### WHAT IS REQUIRED
For this exercise, return only the lines in the records below from the one holding "[д] [д’] [г] [г’] [п]" through the one holding "Description: DMTG Model", including both, exactly as they appear and without pictures.

### SUPPLIED RECORDS

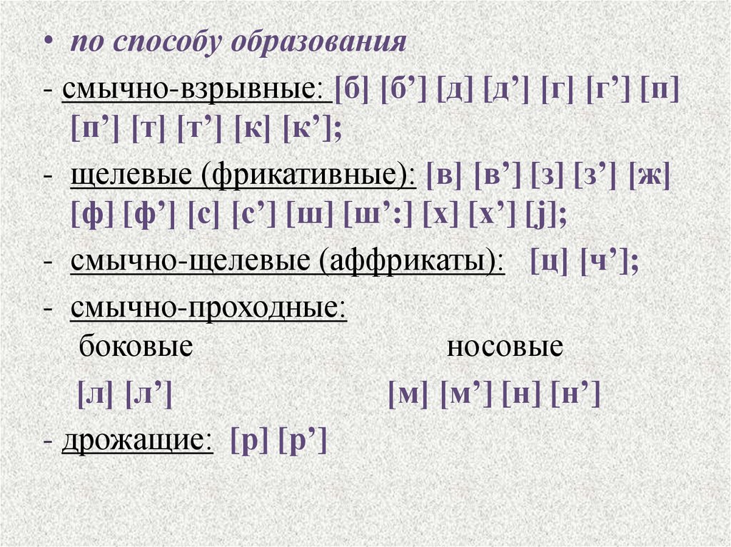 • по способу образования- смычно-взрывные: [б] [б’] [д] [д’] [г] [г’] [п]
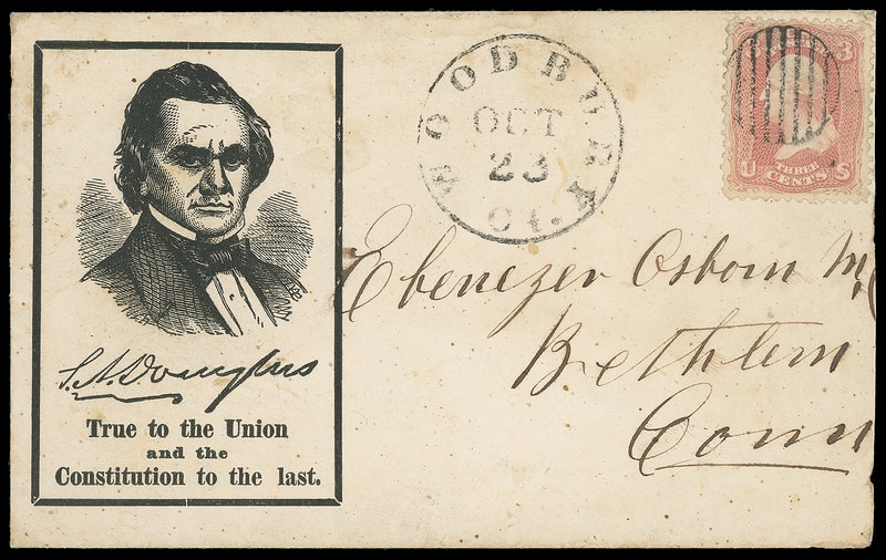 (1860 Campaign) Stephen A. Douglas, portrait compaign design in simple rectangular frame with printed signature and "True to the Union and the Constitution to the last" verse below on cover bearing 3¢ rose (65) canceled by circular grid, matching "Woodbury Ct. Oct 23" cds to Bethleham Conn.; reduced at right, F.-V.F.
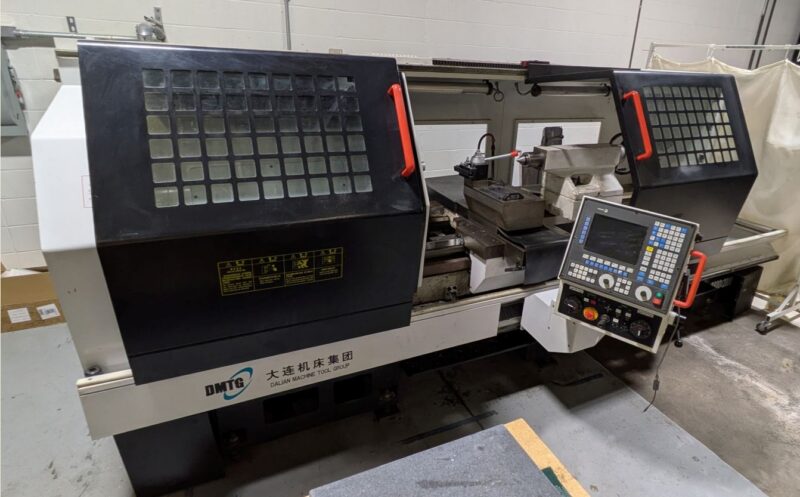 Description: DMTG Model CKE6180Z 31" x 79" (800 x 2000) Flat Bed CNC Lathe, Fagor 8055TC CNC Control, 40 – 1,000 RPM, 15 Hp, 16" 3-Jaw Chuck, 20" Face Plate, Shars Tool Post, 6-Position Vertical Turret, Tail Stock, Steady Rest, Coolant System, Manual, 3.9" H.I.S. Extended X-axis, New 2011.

---

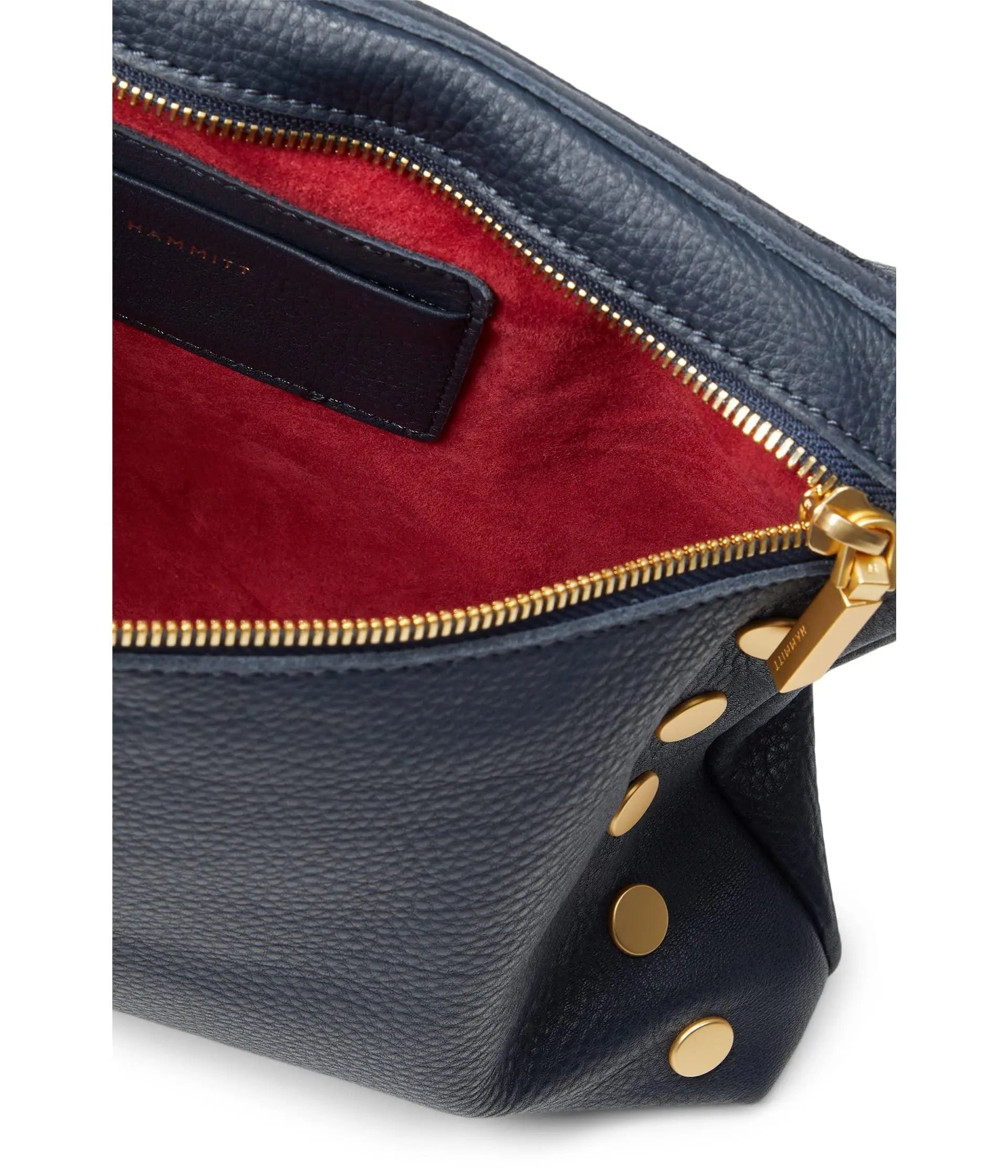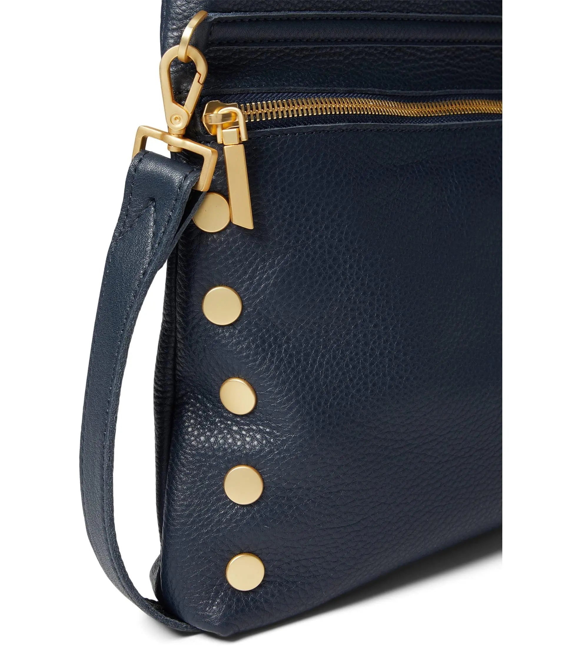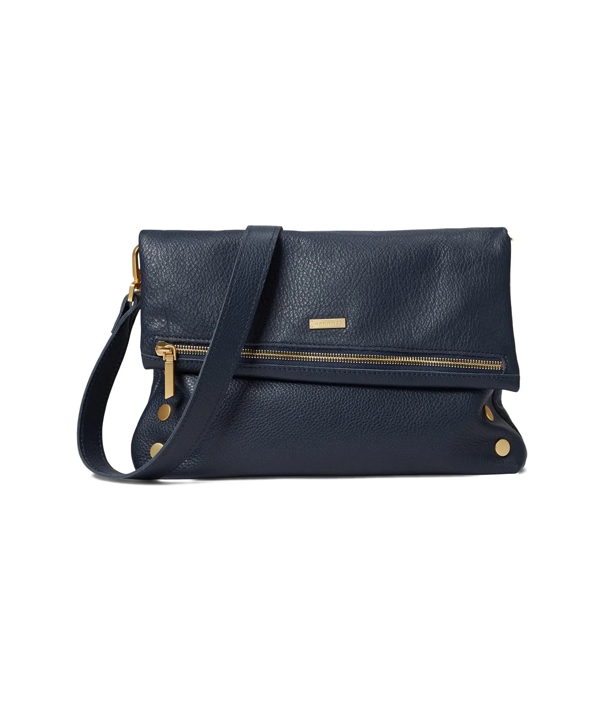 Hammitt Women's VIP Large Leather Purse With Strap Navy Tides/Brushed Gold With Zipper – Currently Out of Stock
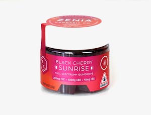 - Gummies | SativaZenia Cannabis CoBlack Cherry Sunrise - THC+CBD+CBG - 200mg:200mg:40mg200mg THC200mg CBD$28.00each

### ANSWER TO THE EXERCISE
 • по способу образования- смычно-взрывные: [б] [б’] [д] [д’] [г] [г’] [п]
 (1860 Campaign) Stephen A. Douglas, portrait compaign design in simple rectangular frame with printed signature and "True to the Union and the Constitution to the last" verse below on cover bearing 3¢ rose (65) canceled by circular grid, matching "Woodbury Ct. Oct 23" cds to Bethleham Conn.; reduced at right, F.-V.F.
 Description: DMTG Model CKE6180Z 31" x 79" (800 x 2000) Flat Bed CNC Lathe, Fagor 8055TC CNC Control, 40 – 1,000 RPM, 15 Hp, 16" 3-Jaw Chuck, 20" Face Plate, Shars Tool Post, 6-Position Vertical Turret, Tail Stock, Steady Rest, Coolant System, Manual, 3.9" H.I.S. Extended X-axis, New 2011.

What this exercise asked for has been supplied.